According to the local legal grapevine, U.S. Attorney Richard Bennett is looking into the story out of Washington concerning State Department officials' probing of the passport files of Bill Clinton, his mother and Ross Perot. The passports were stored in a government facility in Suitland, Md., which is in Mr. Bennett's jurisdiction. The perusal of those files, the removal of some of them and the possible reporting of what was in them to unauthorized persons may well have been violations of federal law.

It is too soon to say whether illegalities did occur. Or didn't. But the U.S. attorney here ought to keep monitoring the situation (or start doing so if in fact he hasn't).

Everyone who has looked closely at this story agrees that what happened was completely improper.

State Department Inspector General Sherman Funk called it "very heinous." Acting Secretary of State Lawrence Eagleburger, though not personally implicated in any way, was so ashamed of what happened that he offered to resign.

Those are understandable reactions. Citizens have a right to know that the institutions of government are not abused for purely partisan political purposes. The people looking into those files were admittedly looking for political dirt.

If an administration can get away with this, no one's privacy is secure. More people than just the Clintons and Mr. Perot were harmed by this nasty business.

On the basis of a State Department probe, neither Mr.

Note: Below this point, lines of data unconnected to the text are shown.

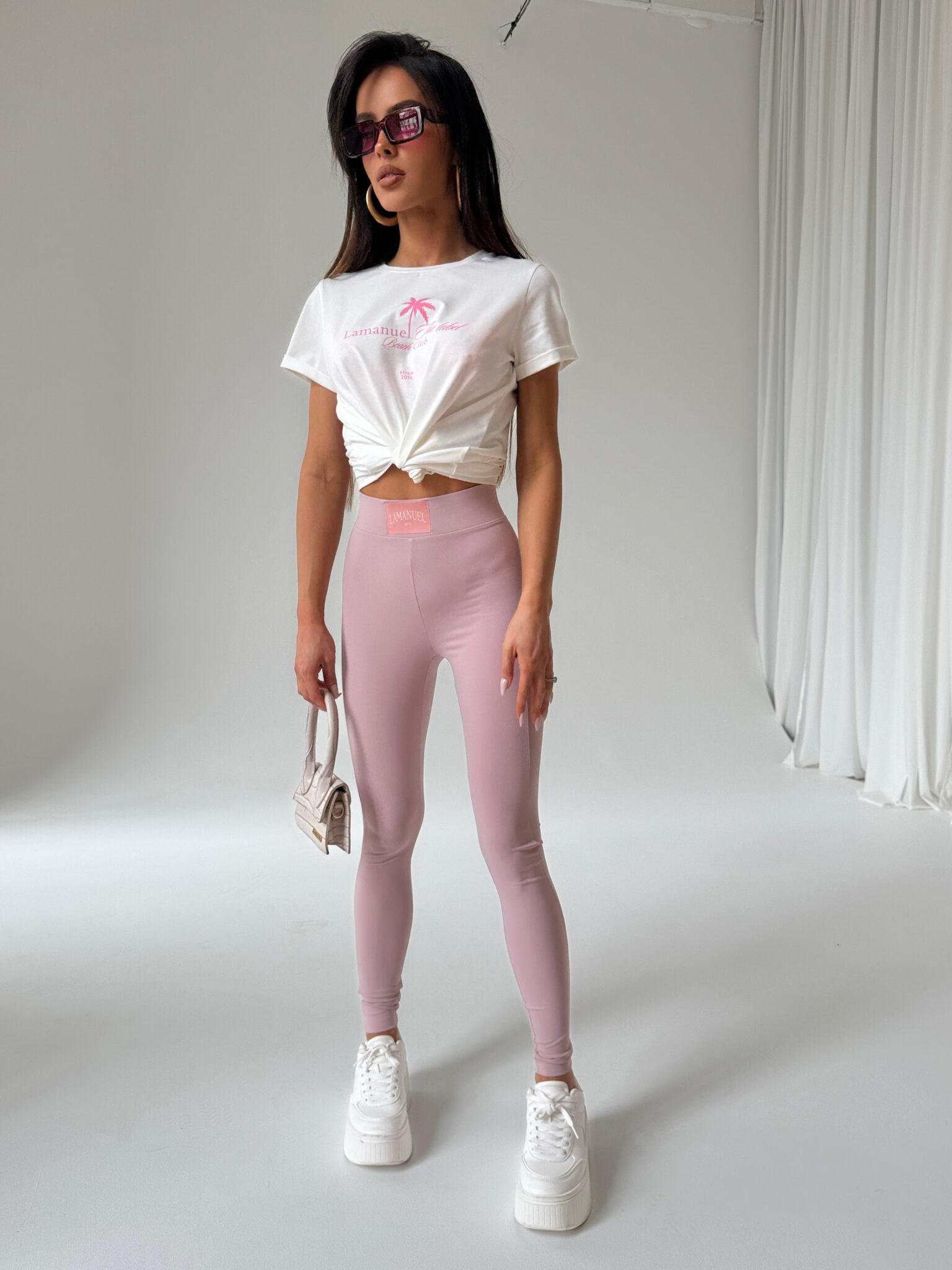 Podkreśl swoją sylwetkę dzięki legginsom z lekkiej lycry, które łączą wygodę i styl. Wykonane z elastycznego materiału, idealnie dopasowują się do ciała, zapewniając pełną swobodę ruchu. Na przodzie znajduje się subtelne, haftowane logo, które dodaje elegancji i wyróżnia te legginsy na tle innych. Unikalne przeszycia na tylnej części legginsów zostały zaprojektowane tak, aby podkreślić kształt pośladków i zapewnić efekt modelowania.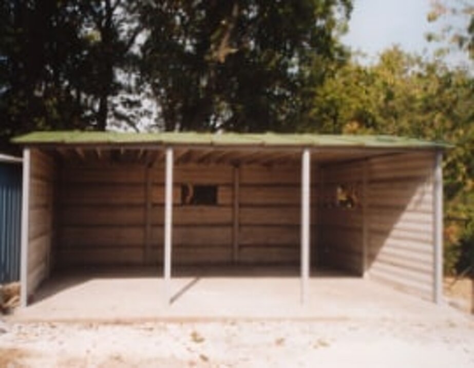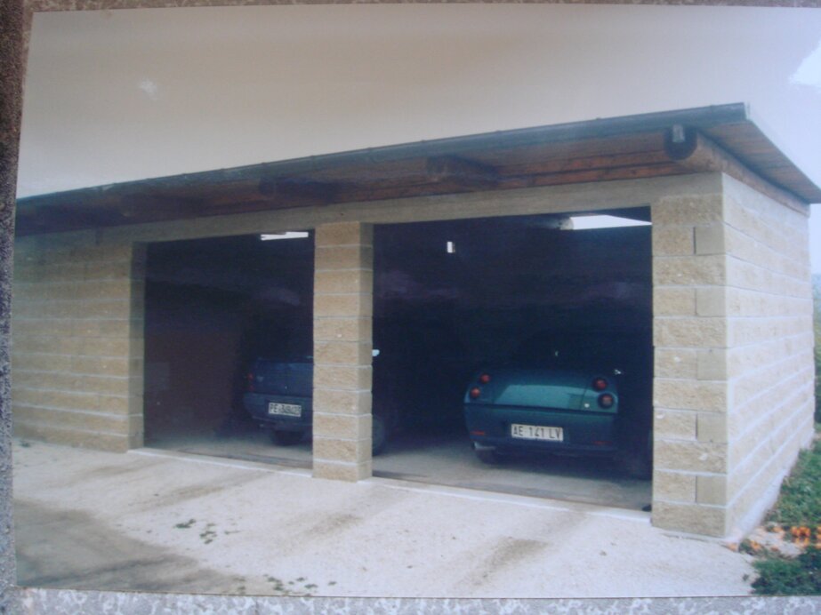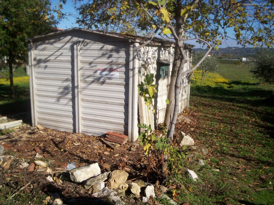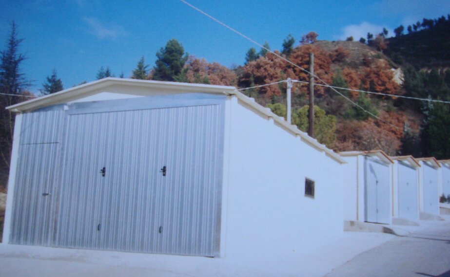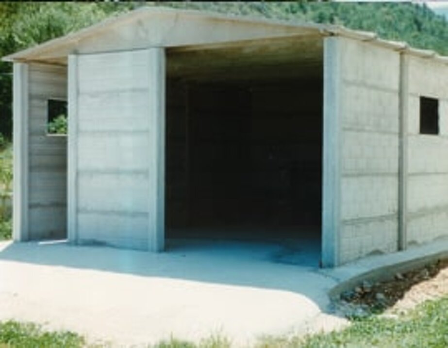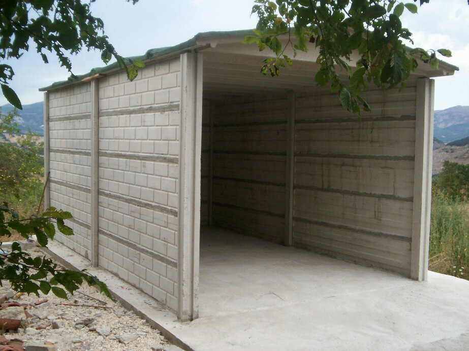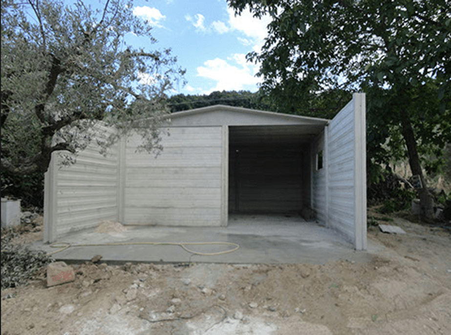 Box prefabbricato con basamento in cemento armato, pannelli in lastre a faccia vista, pilastri e capriate a doppia falda con destinazione a rimessa attrezzi agricoli o autovetture.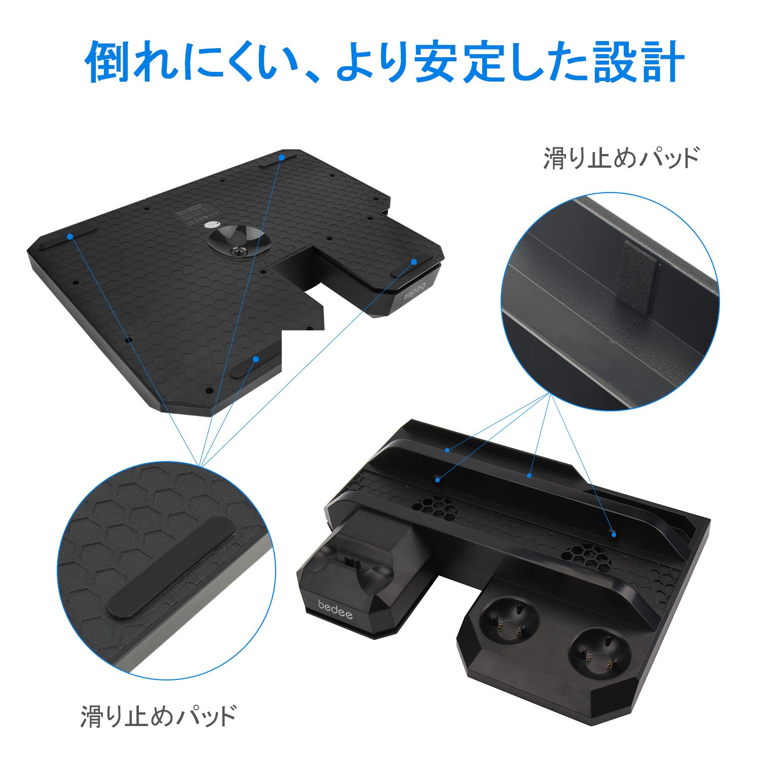 PS4/PS4 PRO/PS4 SLIMがピッタリとはまり,横幅が広く安定感抜群の縦置きスタンドとしてご利用いただけます。さらに側面と底面に滑り止めのゴムを配置して、安定性を確保しています。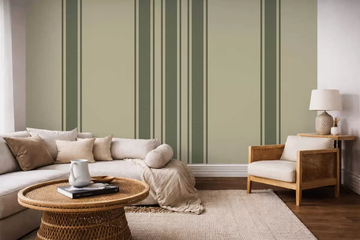 Тапете за зид Вертикалне пруге у пригушеној зеленој и беж палети бр. w05098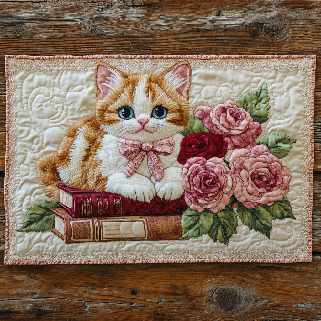 Cat And Book CP2105030CL Quilted Table Runner

Eagleburger nor Mr. Funk believes there were crimes committed. But that probe was not a criminal investigation. It left a lot of stones unturned and witnesses and potential culprits unpressured.

Congress promises further inquiries, but not apparently into the issue of criminality. That leaves it up to the Justice Department, either in the District of Columbia or Maryland. Our own preference would be the latter, away from the political hothouse environment of the national capital.

Mr. Funk says he is convinced the White House did not direct the search of the passports, but he seems to believe it acquiesced in it at the very highest staff level. If high-ranking members of the president's staff were involved in the search of confidential and private passport files for political purposes, they almost certainly crossed the line into illegal behavior.